Prentiss Haney - Cincinnati, Ohio
“We don’t have the luxury to sit and wait for things to change so people like my mom and sister, who do the hard work of caregiving each and every day, can be heard. We can’t sit on the sidelines--we need to join the fight for fair maps to make sure our voices are heard. No one else is coming to save our democracy except us.”
I’m a firm believer that every vote and every voice should count--that’s the foundation of our democracy.
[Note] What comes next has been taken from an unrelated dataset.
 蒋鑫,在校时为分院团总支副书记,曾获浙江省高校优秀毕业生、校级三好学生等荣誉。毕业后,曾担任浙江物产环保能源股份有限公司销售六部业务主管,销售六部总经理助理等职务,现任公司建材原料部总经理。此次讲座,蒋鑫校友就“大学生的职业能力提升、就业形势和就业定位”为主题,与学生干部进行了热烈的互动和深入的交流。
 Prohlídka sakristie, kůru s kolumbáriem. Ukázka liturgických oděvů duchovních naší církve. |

But the truth is that many of us, especially in the Black community, are not heard because politicians have tilted the scales of the democratic process through unfair maps that weaken the power of our votes. They’re gerrymandering districts so they can basically select voters who will keep them in office--and when this happens, those lawmakers often ignore us and the issues we care about.
My mom and sister work in the care economy and my grandmother is retired. We need much better infrastructure to care for elderly folks, as well as young children. There are hundreds of thousands of women of color just like my mom who are fighting for better resources for her patients and also for herself, so she can live and retire in dignity after a lifetime spent caring for others. Many services are not accessible and people continue to struggle; It’s not because they don’t use their voice and vote, it's because there are politicians in our Statehouse who have decided their voices shouldn't matter. That's not how democracy is supposed to work.
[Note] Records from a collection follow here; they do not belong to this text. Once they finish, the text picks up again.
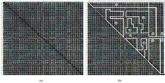 During the following Participant Group Analysis, our multi-dimensional stacking approach allows us to compare all participants to each other in much detail. Standard approaches generate therefore a similarity matrix where the columns and rows represent the participants, which are order alphanumerically. Each cell of the matrix contains a similarity value. In our case, a matrix cell contains several color-encoded elements, which correspond to the similarity values of the used metrics. An example of this is shown in Figure 13. Here, we can see some isolated group structures, but in general the visualization looks rather chaotic. By performing a reordering of the participants based on the visual inspection in parallel coordinate plots, we are able to introduce, to some degree, order into the chaos: getting similar participants spatially closer reveals more group structures than before. Figure 14a depicts the similarity matrix with reordered participants, whereas Figure 14b highlights a possible grouping. The new order of participants is the result of hierarchical clustering based on a combined metric (skewness in x- and y-direction with a weight of 0.3; kurtosis in x- and y-direction with a weight of 0.7). By using the new ordering, we identified six different groups exhibiting same visually characteristics.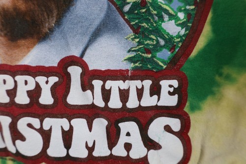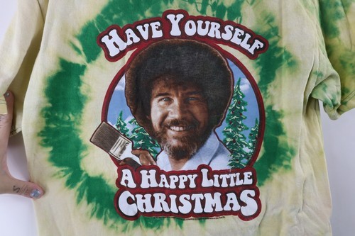 Retro Bob Ross Mens Medium Spell Out Acid Wash Happy Little Christmas T-Shirt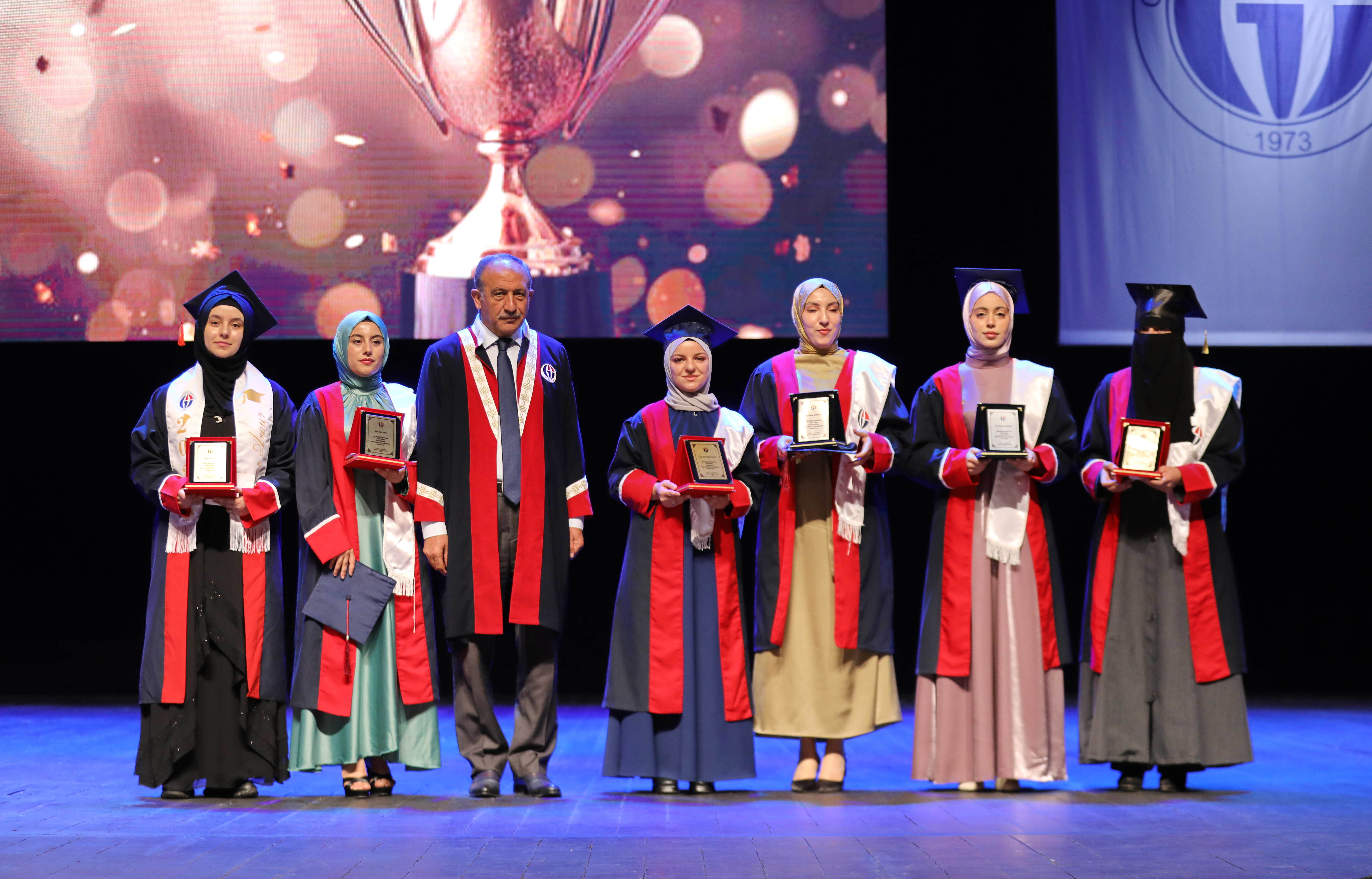 Açılış konuşmaları sonrasında İlahiyat Fakültesinden derece ile mezun olan öğrencilere plaketleri verildi. Mezuniyet kütüğüne plaket çakılması ve öğrencilere diplomalarının verilmesi ile devam eden program kep atmayla son buldu.

Our democracy is in crisis. Folks like my mom, who work six days a week, 12 hours a day in service and caregiving, can't afford for lawmakers to ignore their voices. And she’s just one of countless others, mostly women of color, who deserve to be heard. Fair maps mean that her voice matters as much as the person who lives two or 10 miles from her and earns four times as much. That is how democracy is supposed to work. But right now, the process is broken and it pushes people to the margins, encourages them not to engage, and can even criminalize participation.
We don’t have the luxury to sit and wait for things to change so people like my mom and sister, who do the hard work of caregiving each and every day, can be heard. We can’t sit on the sidelines--we need to join the fight for fair maps to make sure our voices are heard. No one else is coming to save our democracy except us.